They loved him because as a quarterback he led the Green Bay Packers to five NFL championships.

Because of his sneak in the Ice Bowl.

Because he represented everything that was special about the team in the NFL’s smallest market.

Because he embodied the competitive spirit that was his coach, Vince Lombardi, during the glory years of the 1960s.

And they even loved him after a nine-year tenure as the team’s head coach that resulted in only one playoff appearance.

Bob Harlan loved him for an entirely different reason — the one that only those who knew Starr behind the scenes could fully articulate.

Harlan, a former Packers president, was in his early days with the organization when Starr was in the final year of his playing career. It was 1971, after all the championships had been won and after Lombardi was gone.
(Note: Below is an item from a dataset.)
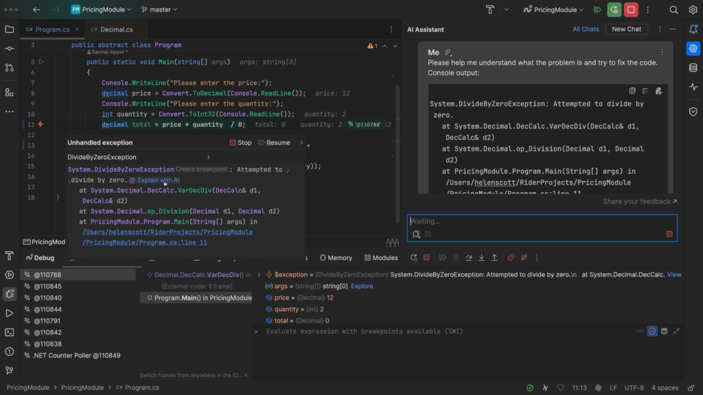 An exception stack trace appears in your console. Instead of Googling line by line, you paste it into the AI and get a step‑by‑step explanation of likely causes and fixes.
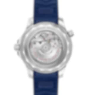 The watch is presented on a blue rubber strap and is driven by the OMEGA Master Chronometer Calibre 8800, which can be seen through the sapphire-crystal on the wave-edged caseback.

Harlan joined the team as the assistant general manager. His primary job was to help negotiate player salaries.

“I actually signed Bart to his last contract,” Harlan recalled in an interview with ESPN.com. “In fact after five world championships, I gave him his all-time high salary of $100,000.”

That was Dan Devine’s first season as the Packers coach and Starr’s last as a player. Devine lasted three more years, posting only one winning season after Starr retired as a player.

It was Devine who hired Harlan away from baseball’s St. Louis Cardinals, and when Devine was done in Green Bay, Harlan wondered if he, too, might be done.

“Dan was the one who hired me so when Dan left, I thought I might have trouble,” Harlan said. “And the day Bart was hired [in 1975], he called me at home and said, ‘I want you to help me and take over doing all the contracts.’

“I said, ‘Bart it’s going to be an honor to work for you.’ He said, ‘You won’t work for me, you’ll work with me.’ And that was just the way he handled things. He was the boss, but yet he was such a gentleman.”

Starr’s coaching tenure (1975-83) ended with a 52-76-3 record (and a 1-1 playoff mark).

“He just was so raw in the position; he probably got the job too early,” Harlan said. “In ’83 we were so close, and I think a couple more years — and he had been here nine years, but the fans weren’t really screaming about it — if he had a couple more years we weren’t that far away.”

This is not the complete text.